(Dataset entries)
....

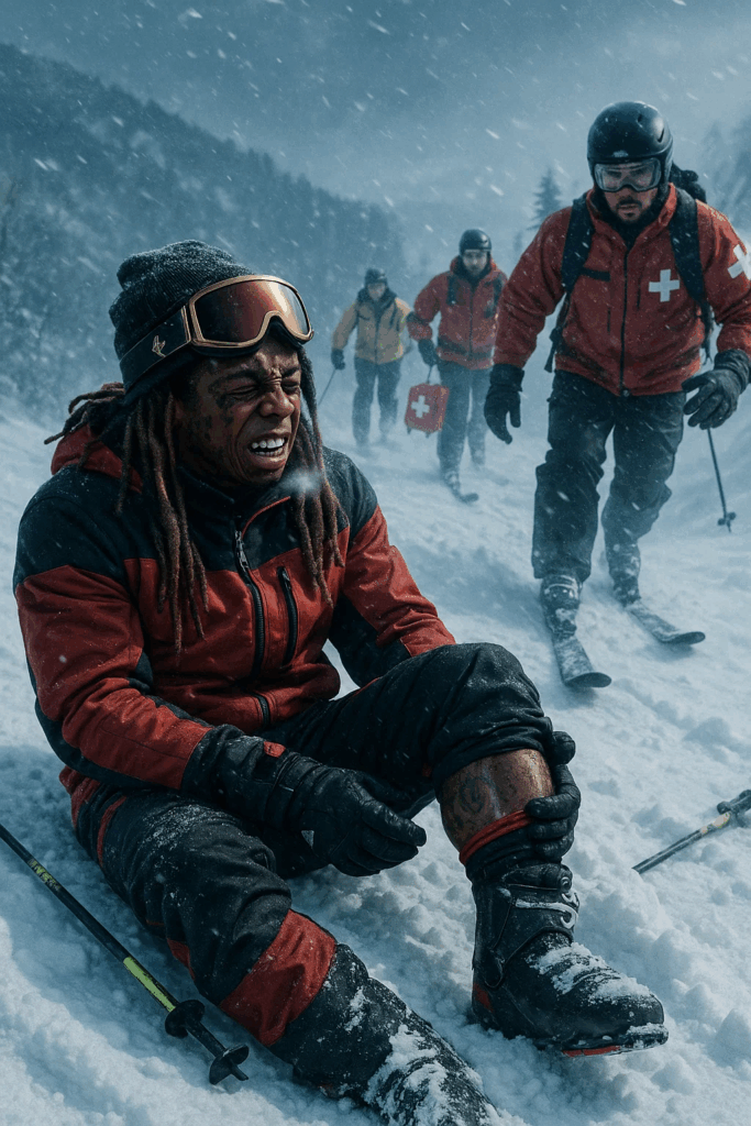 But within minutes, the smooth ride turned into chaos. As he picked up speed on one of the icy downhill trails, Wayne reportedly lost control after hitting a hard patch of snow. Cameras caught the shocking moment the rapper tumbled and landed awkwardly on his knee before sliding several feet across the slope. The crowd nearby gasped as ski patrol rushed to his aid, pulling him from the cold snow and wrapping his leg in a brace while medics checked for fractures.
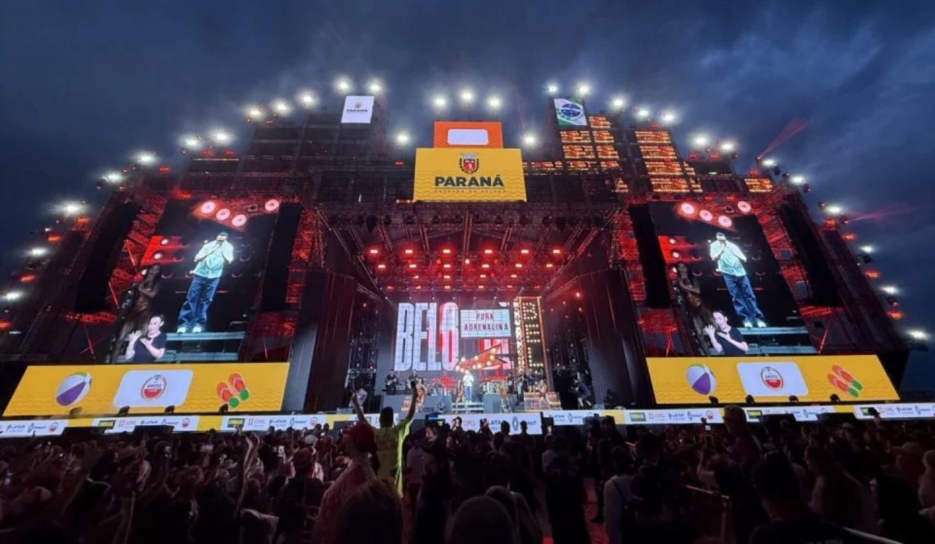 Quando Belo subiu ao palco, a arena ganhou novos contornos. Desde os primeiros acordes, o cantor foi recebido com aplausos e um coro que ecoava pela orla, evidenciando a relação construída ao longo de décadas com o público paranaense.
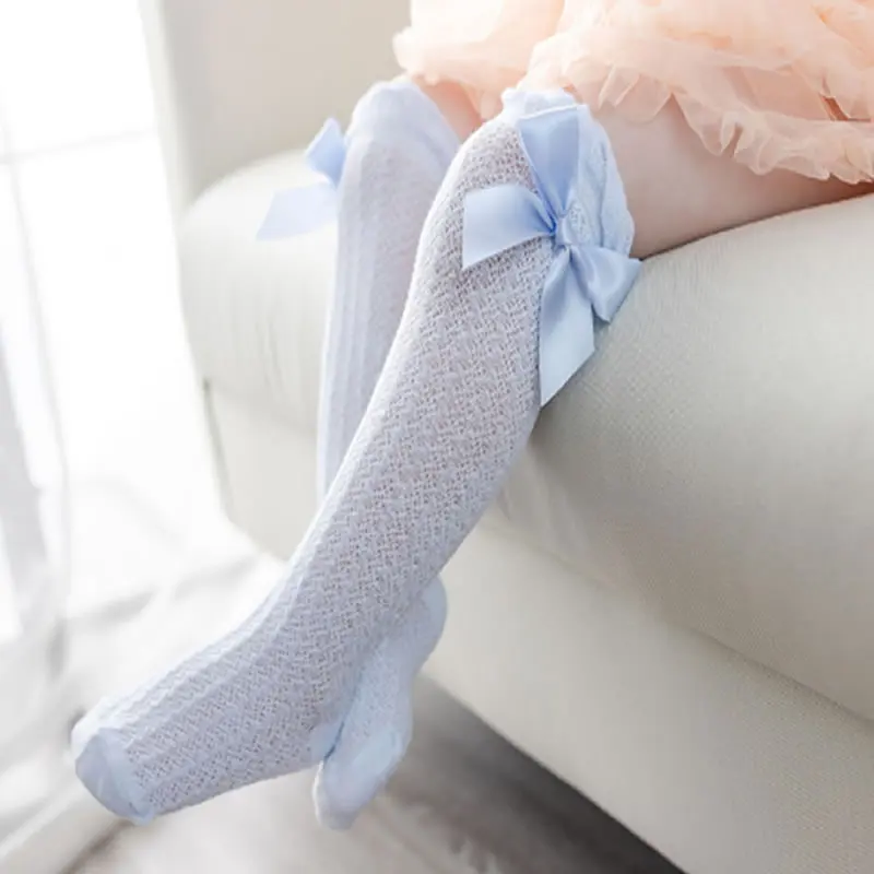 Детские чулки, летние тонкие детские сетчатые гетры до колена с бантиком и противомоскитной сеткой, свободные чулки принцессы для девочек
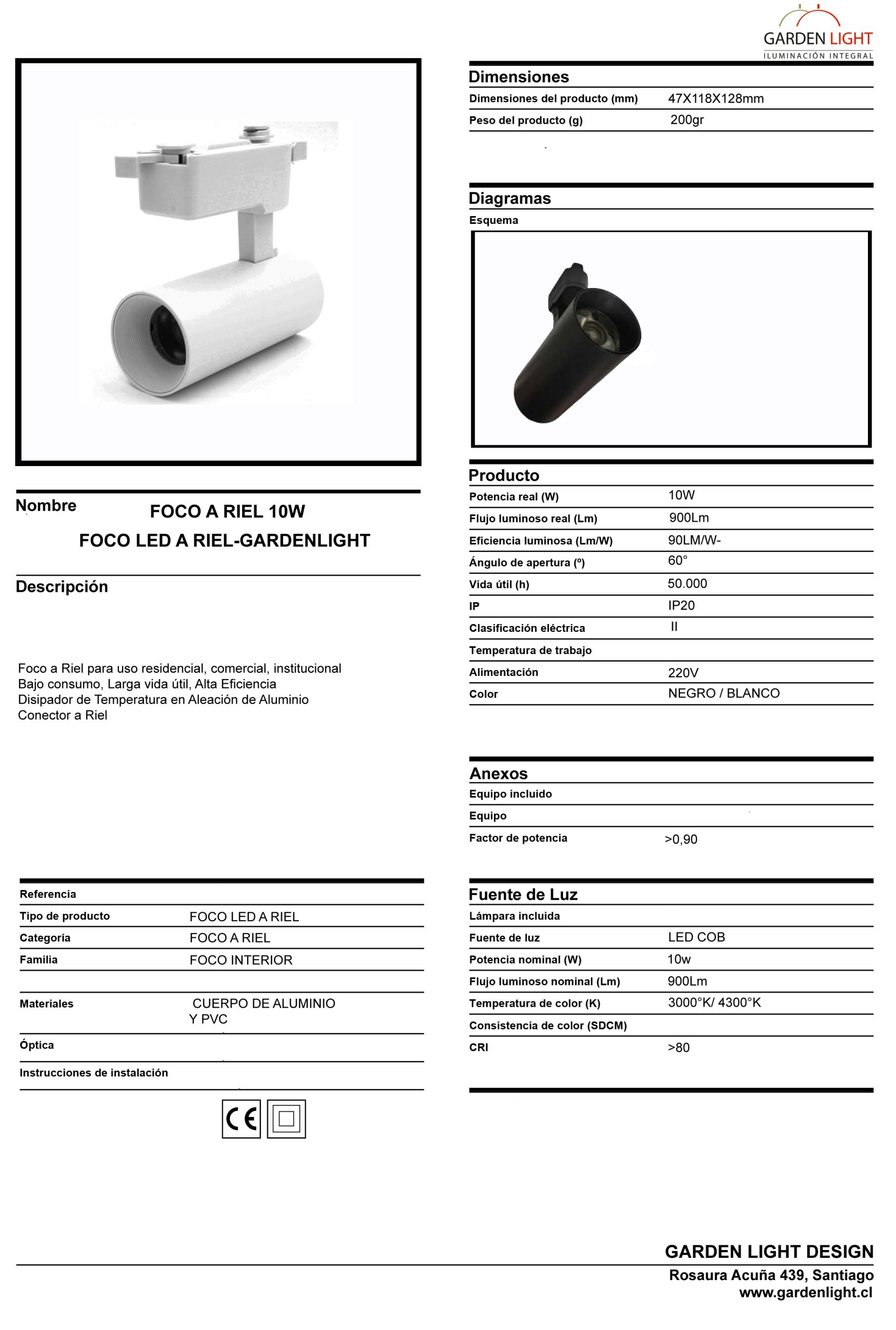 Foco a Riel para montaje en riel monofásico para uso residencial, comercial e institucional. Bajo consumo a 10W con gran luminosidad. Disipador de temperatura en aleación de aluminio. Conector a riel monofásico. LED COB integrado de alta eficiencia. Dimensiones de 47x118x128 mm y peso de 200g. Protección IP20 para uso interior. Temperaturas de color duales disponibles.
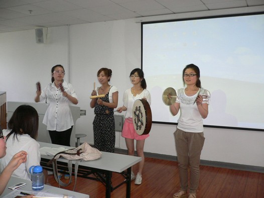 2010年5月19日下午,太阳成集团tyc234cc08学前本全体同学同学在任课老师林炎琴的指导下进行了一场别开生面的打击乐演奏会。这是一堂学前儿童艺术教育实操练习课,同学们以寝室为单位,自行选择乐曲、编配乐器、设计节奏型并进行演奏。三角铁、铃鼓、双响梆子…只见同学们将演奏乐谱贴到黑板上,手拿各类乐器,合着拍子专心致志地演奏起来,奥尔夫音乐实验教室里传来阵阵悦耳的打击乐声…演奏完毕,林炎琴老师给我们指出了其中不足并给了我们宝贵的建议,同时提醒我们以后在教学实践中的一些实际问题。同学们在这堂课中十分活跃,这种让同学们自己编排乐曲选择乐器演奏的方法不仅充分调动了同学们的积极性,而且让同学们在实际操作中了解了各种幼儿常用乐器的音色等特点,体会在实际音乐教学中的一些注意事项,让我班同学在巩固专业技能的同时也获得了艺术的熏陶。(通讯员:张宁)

....

§ **What to work on**
Output each record above exactly; omit the images.

§ **Result of the task**
 But within minutes, the smooth ride turned into chaos. As he picked up speed on one of the icy downhill trails, Wayne reportedly lost control after hitting a hard patch of snow. Cameras caught the shocking moment the rapper tumbled and landed awkwardly on his knee before sliding several feet across the slope. The crowd nearby gasped as ski patrol rushed to his aid, pulling him from the cold snow and wrapping his leg in a brace while medics checked for fractures.
 Quando Belo subiu ao palco, a arena ganhou novos contornos. Desde os primeiros acordes, o cantor foi recebido com aplausos e um coro que ecoava pela orla, evidenciando a relação construída ao longo de décadas com o público paranaense.
 Детские чулки, летние тонкие детские сетчатые гетры до колена с бантиком и противомоскитной сеткой, свободные чулки принцессы для девочек
 Foco a Riel para montaje en riel monofásico para uso residencial, comercial e institucional. Bajo consumo a 10W con gran luminosidad. Disipador de temperatura en aleación de aluminio. Conector a riel monofásico. LED COB integrado de alta eficiencia. Dimensiones de 47x118x128 mm y peso de 200g. Protección IP20 para uso interior. Temperaturas de color duales disponibles.
 2010年5月19日下午,太阳成集团tyc234cc08学前本全体同学同学在任课老师林炎琴的指导下进行了一场别开生面的打击乐演奏会。这是一堂学前儿童艺术教育实操练习课,同学们以寝室为单位,自行选择乐曲、编配乐器、设计节奏型并进行演奏。三角铁、铃鼓、双响梆子…只见同学们将演奏乐谱贴到黑板上,手拿各类乐器,合着拍子专心致志地演奏起来,奥尔夫音乐实验教室里传来阵阵悦耳的打击乐声…演奏完毕,林炎琴老师给我们指出了其中不足并给了我们宝贵的建议,同时提醒我们以后在教学实践中的一些实际问题。同学们在这堂课中十分活跃,这种让同学们自己编排乐曲选择乐器演奏的方法不仅充分调动了同学们的积极性,而且让同学们在实际操作中了解了各种幼儿常用乐器的音色等特点,体会在实际音乐教学中的一些注意事项,让我班同学在巩固专业技能的同时也获得了艺术的熏陶。(通讯员:张宁)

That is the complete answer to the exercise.